An organic EL display device includes a pixel array arranged with this type of pixel in a matrix shape and light emitted from the organic EL element is emitted to the side of the element substrate or an opposing substrate arranged facing the element substrate and thereby a display surface is formed on the surface.
This type of organic EL element is arranged with a layer (referred to below as [organic electro-luminescence layer] or [organic EL layer]) including an organic electro-luminescence material between a pair of electrodes called an anode and cathode. Since light emitted by the organic EL layer spreads in all 4 π directions when expressed as a solid angle, there is a problem in effectively using light emitted in directions apart from the display screen side.
In addition, there is a problem whereby light irradiated in a parallel direction within the organic EL layer is irradiated from a transparent electrode side towards the end surface of the organic EL layer. This is because the refractive index of a material which forms the organic EL layer is high (n=1.8˜1.9) and all the light which is irradiated at a specific angle at an interface with a difference refractive index is reflected. For example, all the light reflected at an interface between an organic EL layer and a transparent electrode, and between a glass substrate and air is either wave guided within the organic EL layer or glass substrate and absorbed with the layer or is emitted from the end surface of the glass substrate.
It is said that the extraction ratio (ratio of the amount of light irradiated to the glass substrate side as a proportion of the total amount of light in the organic EL layer) of light generated by an organic EL layer is about 20% due to light being wave guided within the organic EL layer in this way. It is important to increase the extraction ratio of light generated by an organic EL layer in order to reduce power consumption of an organic EL display device formed using an organic EL element.
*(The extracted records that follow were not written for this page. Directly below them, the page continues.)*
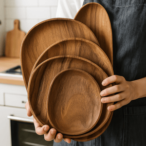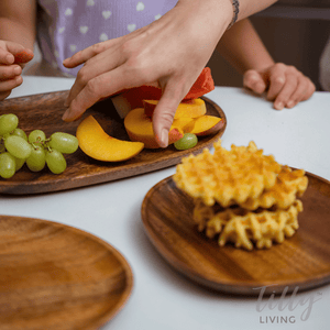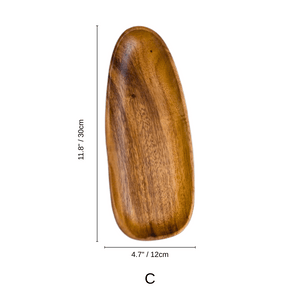 The acacia wood boasts a natural woodgrain finish so each one is unique. Acacia wood is a durable hardwood that is lightweight, scratch, and water-resistant. Its natural antibacterial property makes it the perfect material for serving food. Its smooth finish makes it easy to clean too. Simply warm hand wash after each use.
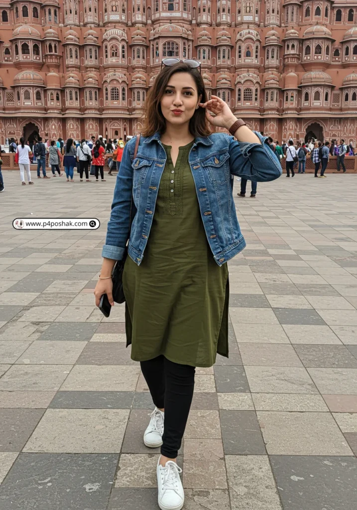 Shop Now from Amazon: Blue Denim Jacket + Olive Green Kurti + Black Jeggings + White Sneakers
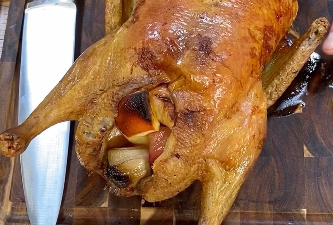 Die Ente aus der Lake nehmen, abtropfen lassen, die Lake wegschütten und die Ente auf ein Brett setzen. Zwiebeln, Äpfel und Orange in grobe Stücke schneiden, mit den Rosinen mischen und die Ente damit füllen
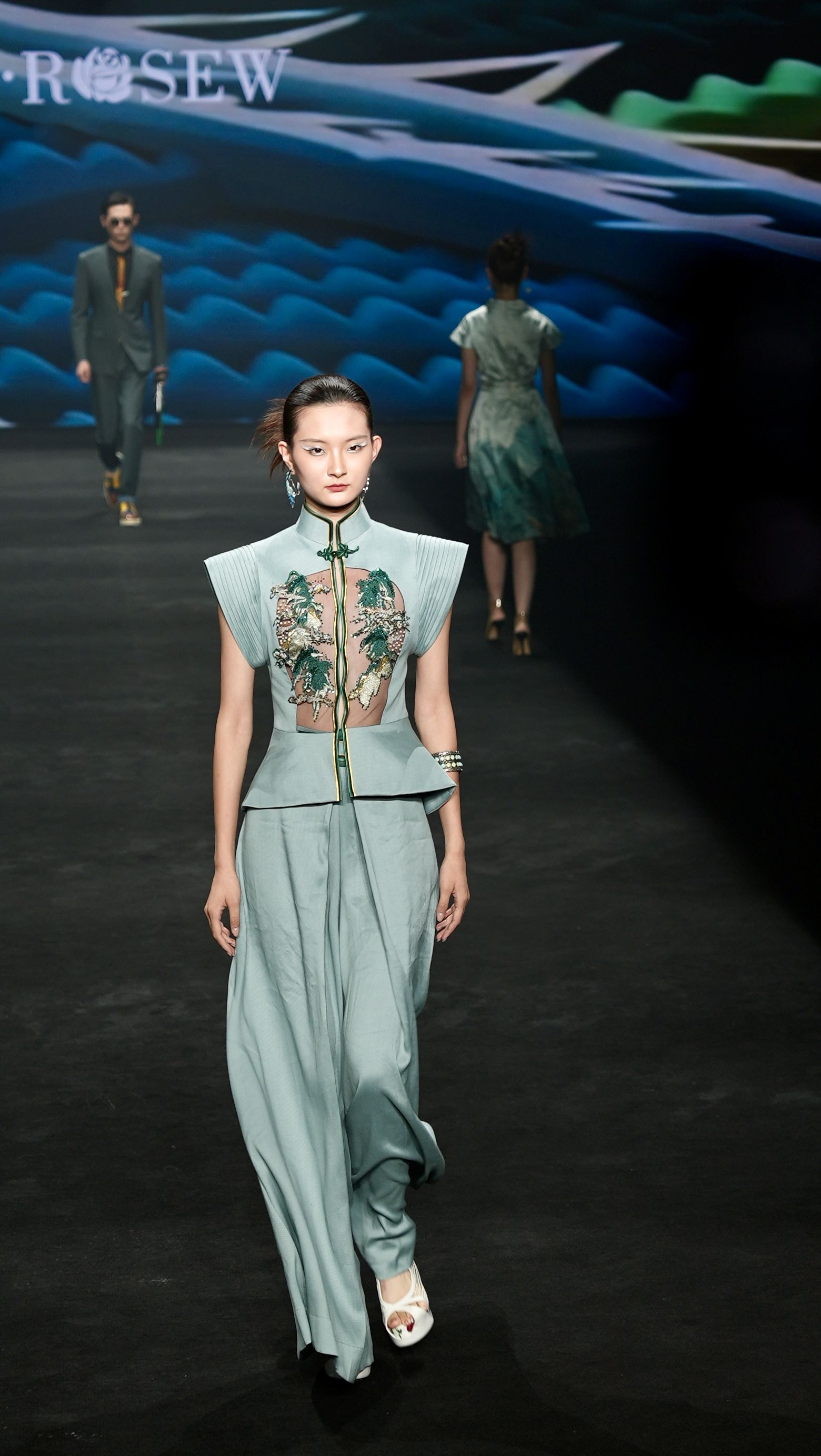 开幕大秀上,新汉派服装设计大赛作品展示聚焦全国各地及汉正街本土年轻设计力量,青年设计师围绕“新生·绿意”主题,以黄鹤楼、东湖、大桥等武汉元素和地域文化为灵感,呈现了兼具创新性与商业价值的作品。
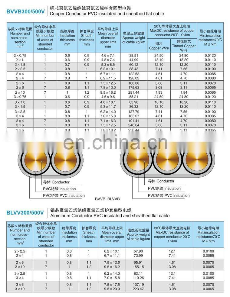 300/500V Low Voltage Aluminum Conductor Pvc Insulated Electrical Wire Flat Cable
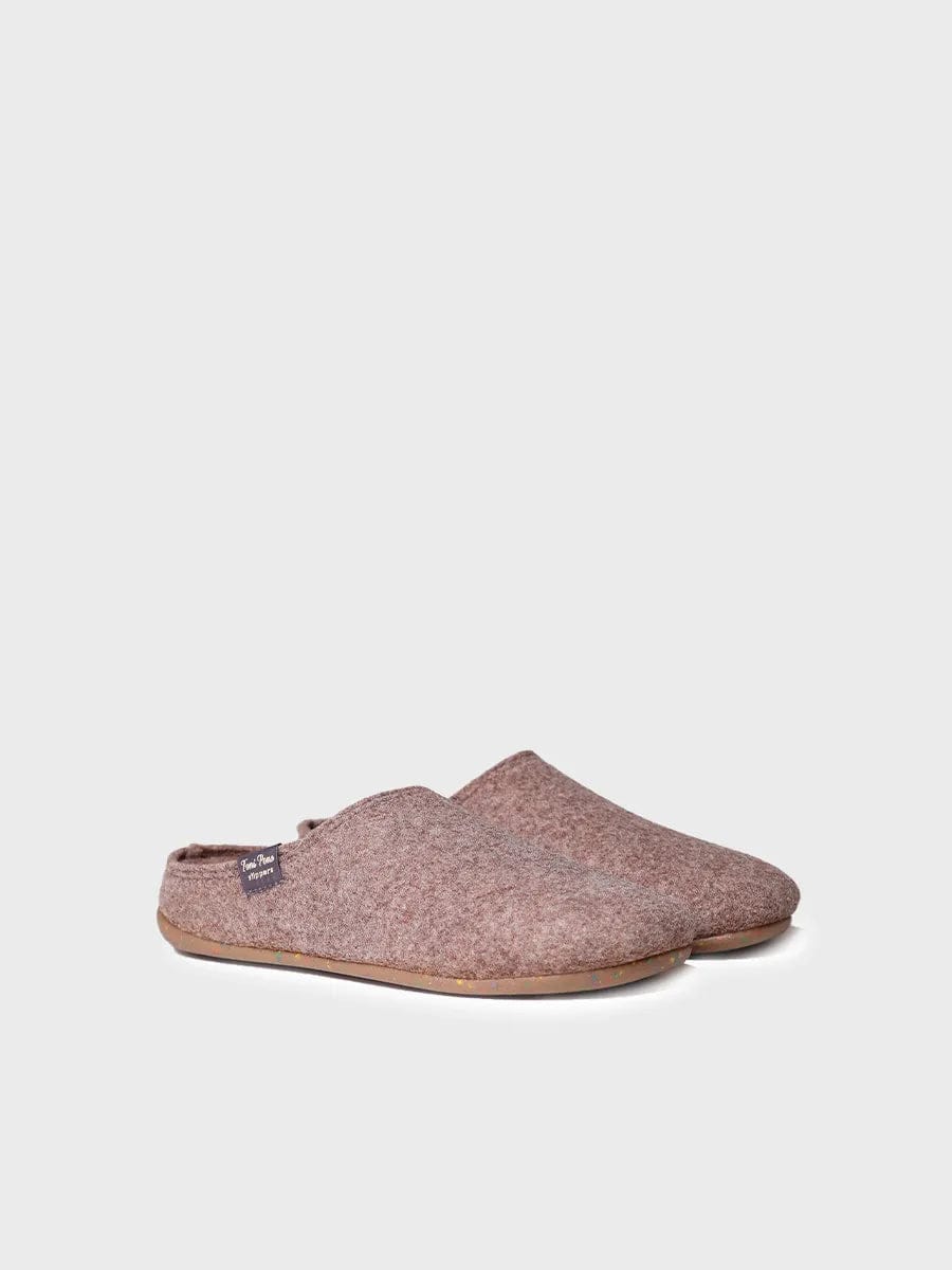 MONA-FR. This women’s slipper belongs to the RECYCLED collection. It is made of felt created from recycled plastic bottles. Its flexible and light sole makes it a very comfortable slipper perfect for walking around the house. This model fits the usual size; if you are between two sizes, choose the larger one.
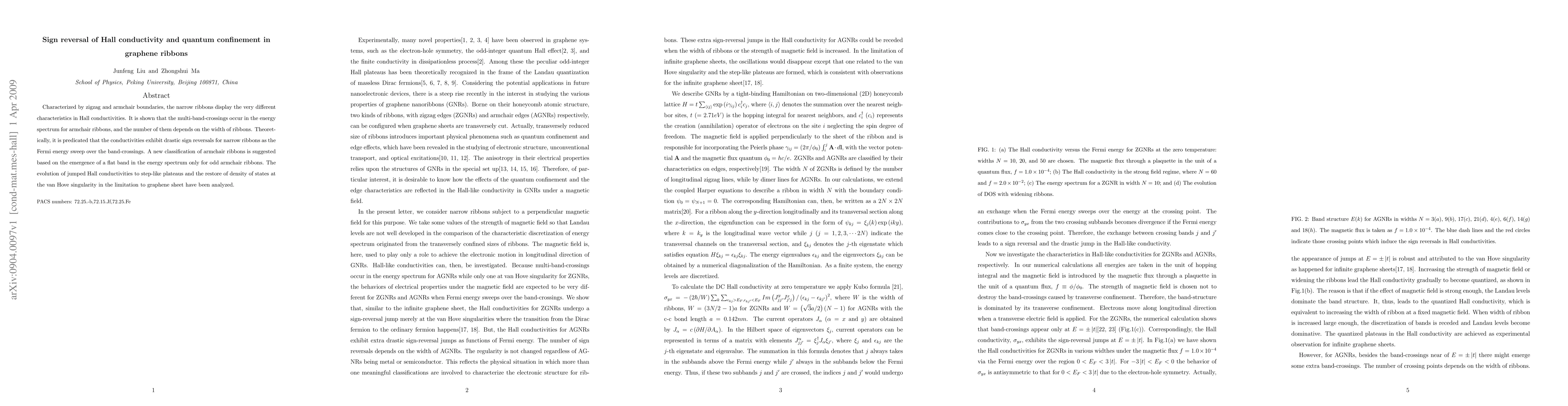 Characterized by zigzag and armchair boundaries, the narrow ribbons display the very different characteristics in Hall conductivities. It is shown that the multi-band-crossings occur in the energy spectrum for armchair ribbons, and the number of them depends on the width of ribbons. Theoretically, it is predicated that the conductivities exhibit drastic sign reversals for narrow ribbons as the Fermi energy sweep over the band-crossings. A new classification of armchair ribbons is suggested based on the emergence of a flat band in the energy spectrum only for odd armchair ribbons. The evolution of jumped Hall conductivities to step-like plateaus and the restore of density of states at the van Hove singularity in the limitation to graphene sheet have been analyzed.
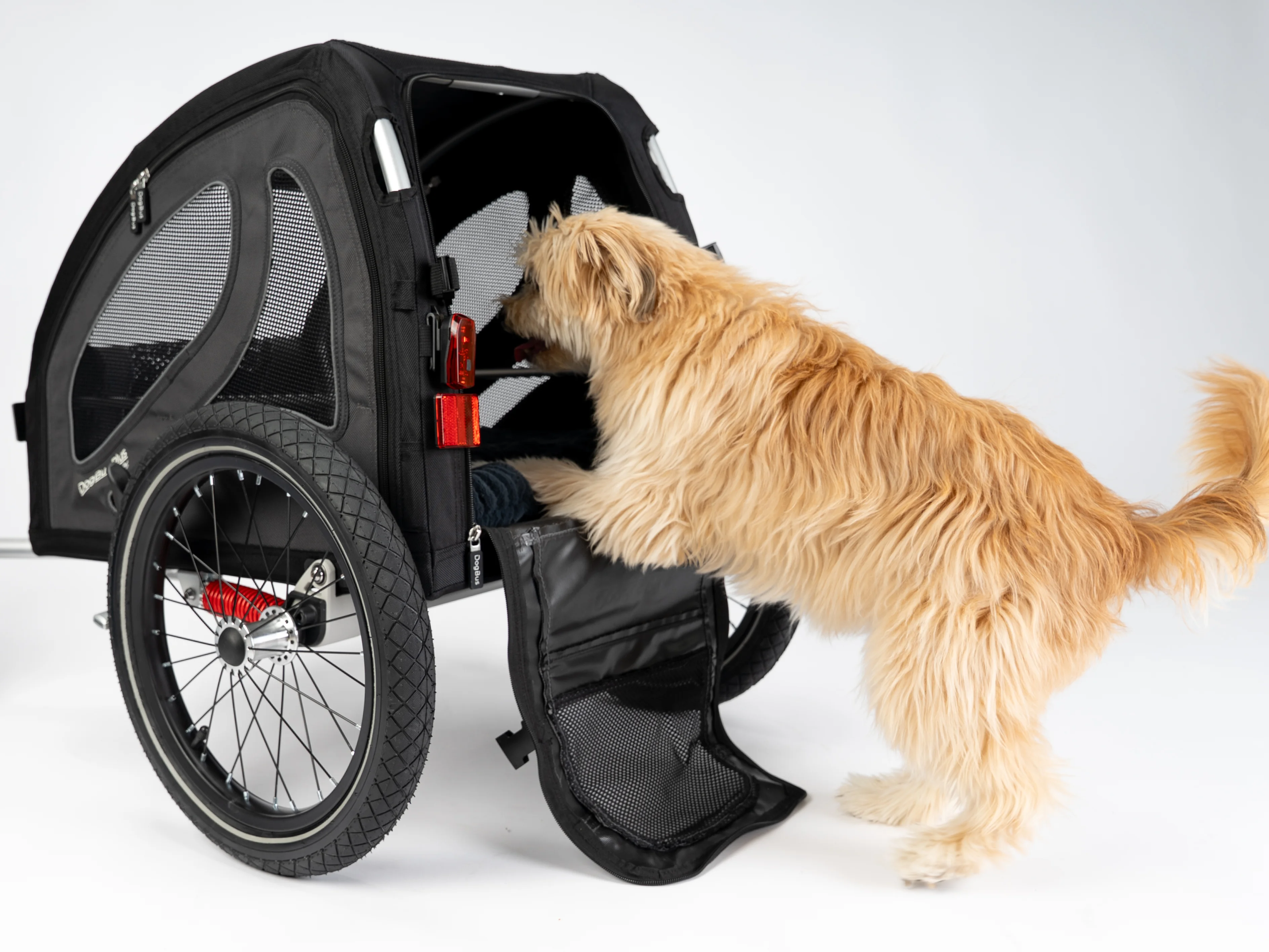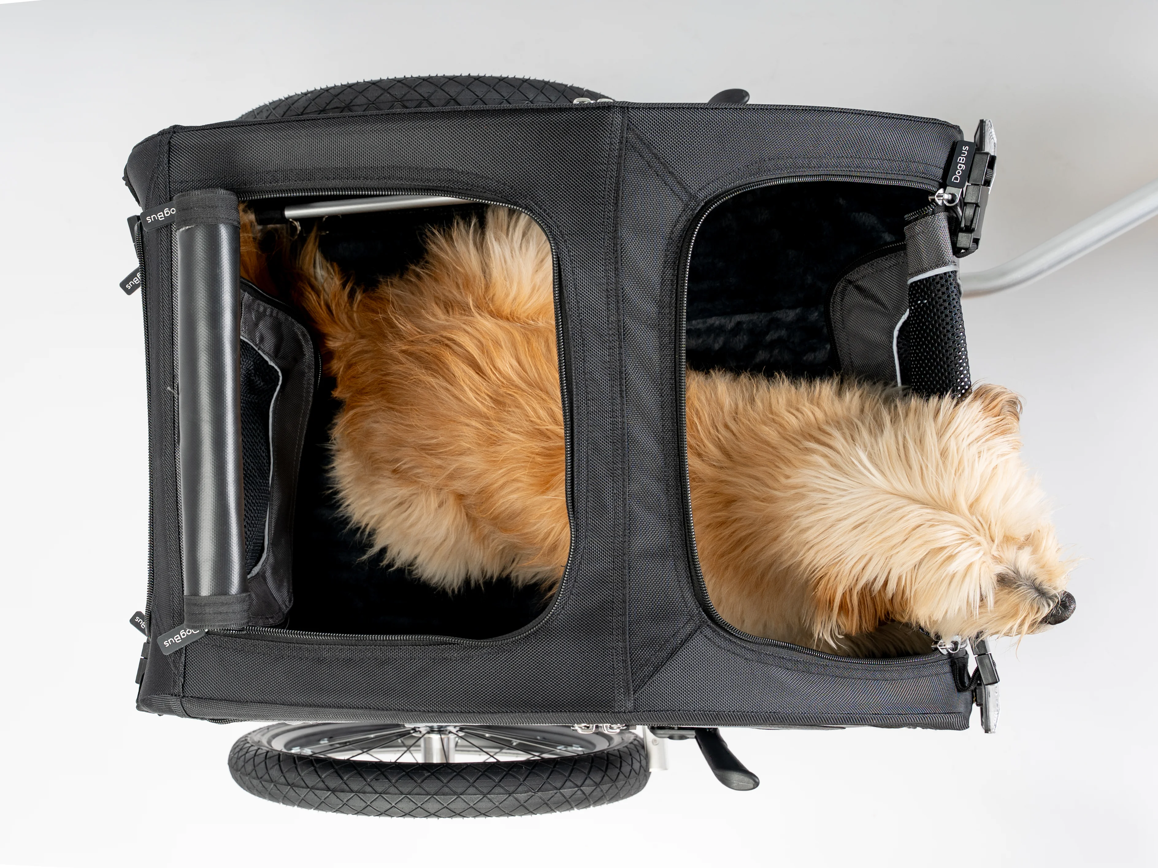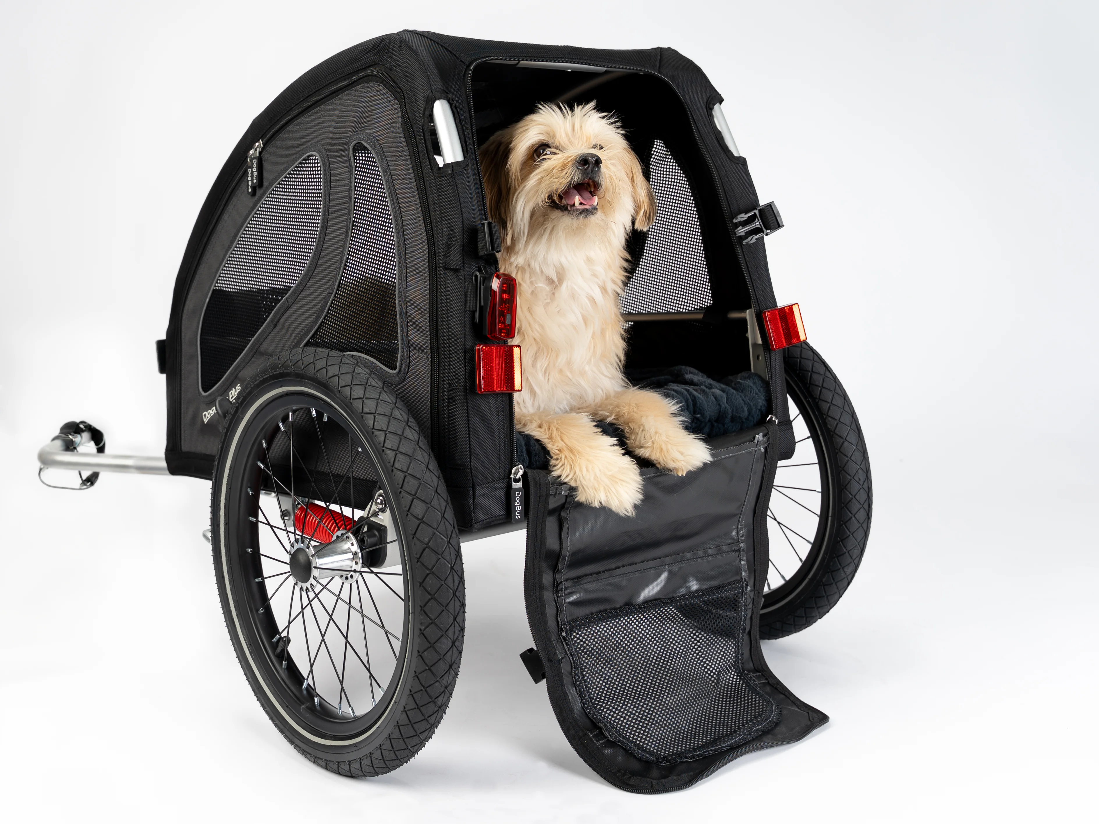 Der DogBus Plus lässt sich an allen Seiten öffnen – vorne, hinten, an beiden Seiten sowie am Dach. Dadurch kannst du den Anhänger individuell an die Bedürfnisse deines Hundes und die jeweilige Situation anpassen. Dein Hund hat so die Möglichkeit, aus verschiedenen Perspektiven die Umgebung zu beobachten und aktiv am Geschehen teilzunehmen. Möchte dein Vierbeiner lieber geschützt fahren, sorgen die integrierten Netze auch im geschlossenen Zustand für eine optimale Belüftung und ein angenehmes Klima im Innenraum.
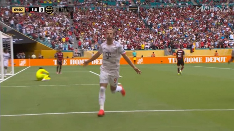 第9分钟,于帕梅卡诺中场位置完成抢断,凯恩得球稍作调整起脚远射,皮球擦着立柱钻入网窝,拜仁2-0领先↓
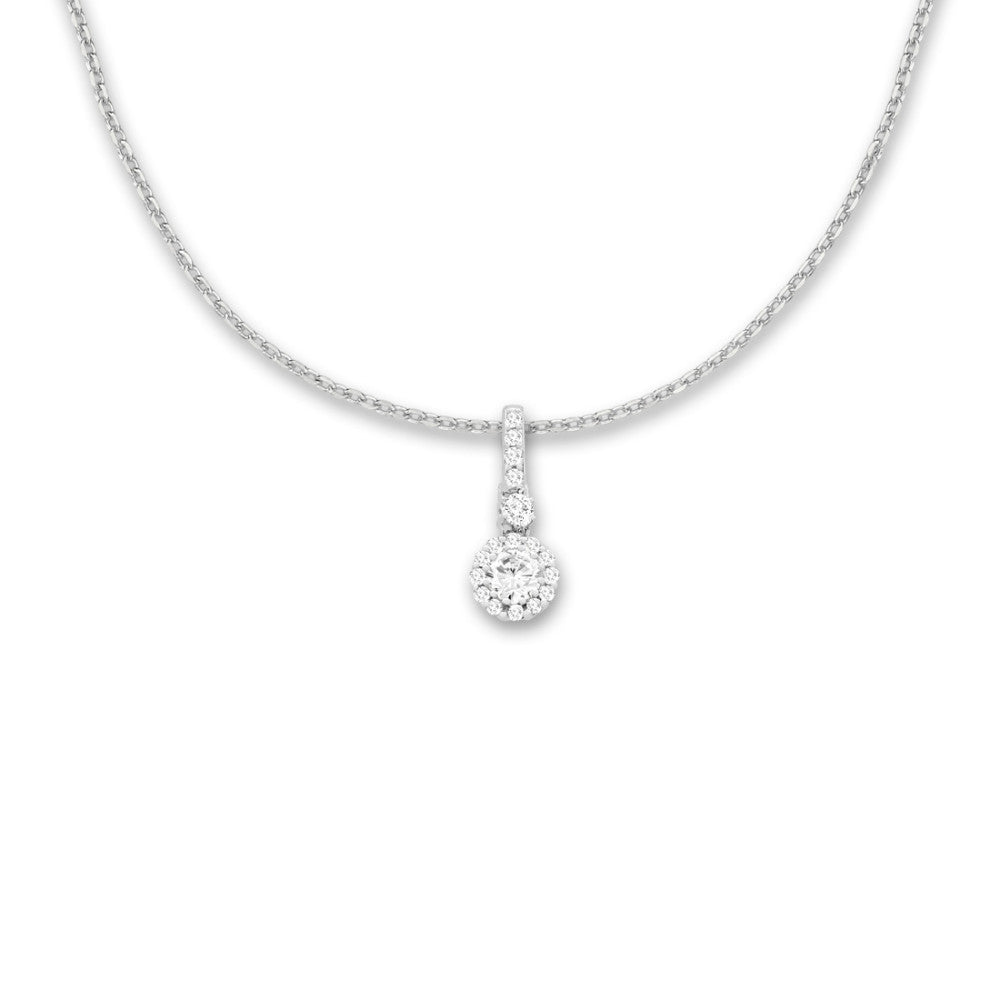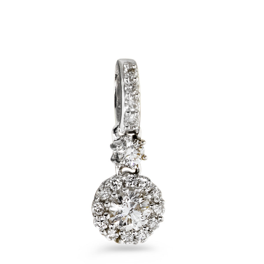 Eleganter Damen-Anhänger aus hochwertigem 750er Weißgold, verziert mit funkelnden Diamanten. Der zarte Anhänger besticht durch einen großen Brillanten, umgeben von kleineren Steinen, für ein strahlendes und zeitloses Schmuckstück – perfekt für besondere Anlässe oder den Alltag.
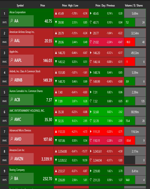 You can the see the complete information of each symbol in real time: Previous Price, Day price, Volume, etc...
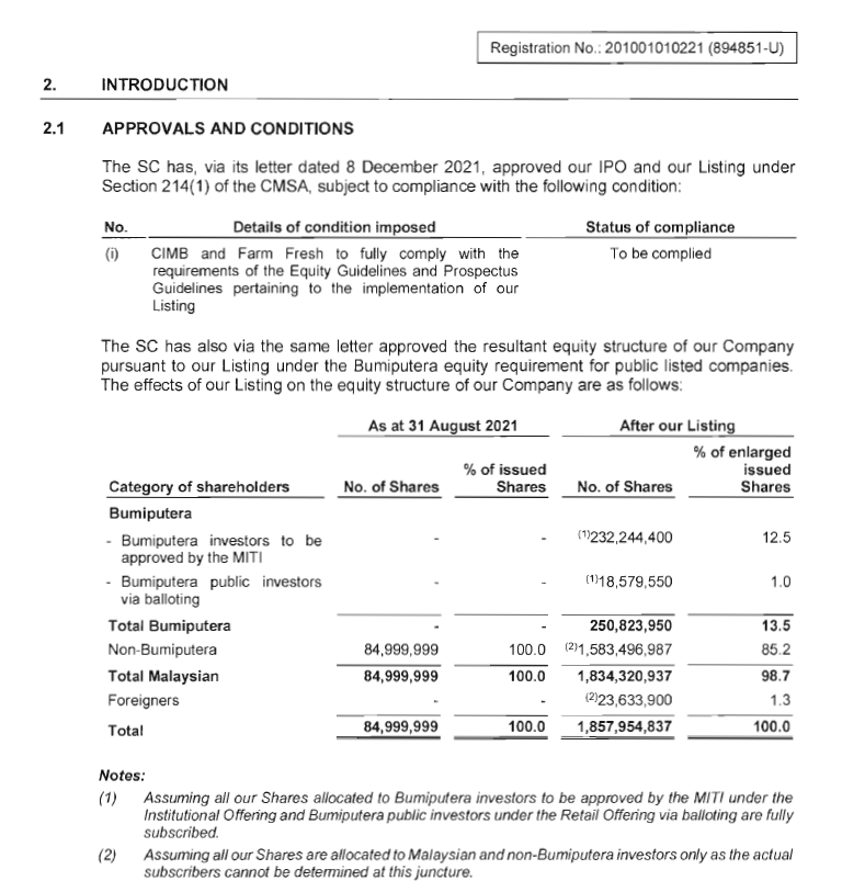 IPO FARM FRESH BERHAD – Detail Tawaran Awam
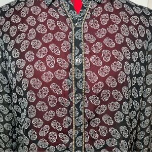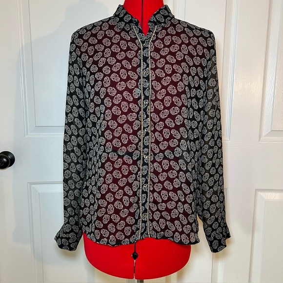 Zara Trafaluc Long Sleeve Sheer Collared Button Up Shirt - Skulls

Therefore, in a conventional organic EL display device, a diffraction grating comprised from a concave layer is formed above a transparent electrode, a transparent electrode, organic EL layer and metal electrode are stacked in order above the diffraction grating to form an organic EL element in order to attempt to improve the extraction ratio of light using the diffraction effects caused by the concave shape diffraction grating (for example, refer to Japanese Laid Open Patent 2013-109932).
However, according to the conventional organic EL display device described in the patent document mentioned above, it was necessary to manufacture an uneven shaped diffraction grating so that an uneven wavenumber and an uneven depth distribution etc in a Fourier transformed image have a constant numerical value, and because a high level of precision is demanded in the manufacturing process, there was a danger that the manufacturing process would become complex and manufacturing costs would increase.
In addition, according to a conventional organic EL display device, in a pixel arranged with an organic EL element, there is a danger that mixing of colors may occur when light emitted in a diagonal direction of a pixel becomes leaked light emitted from an adjacent pixel. However, the aperture ratio of a pixel decreases when the width of a light shielding layer which sections a region of a pixel is increased in order to reduce the effects of mixing colors, and there is danger that light emitted from an organic EL element cannot be used effectively.
Therefore, the present invention aims to effectively use light emitted from an organic EL element as light emitted in each pixel in an organic EL display device. In addition, it is an aim of the present invention to realize a simple structure which improves the extraction ratio of light from each pixel without significantly changing the manufacturing process.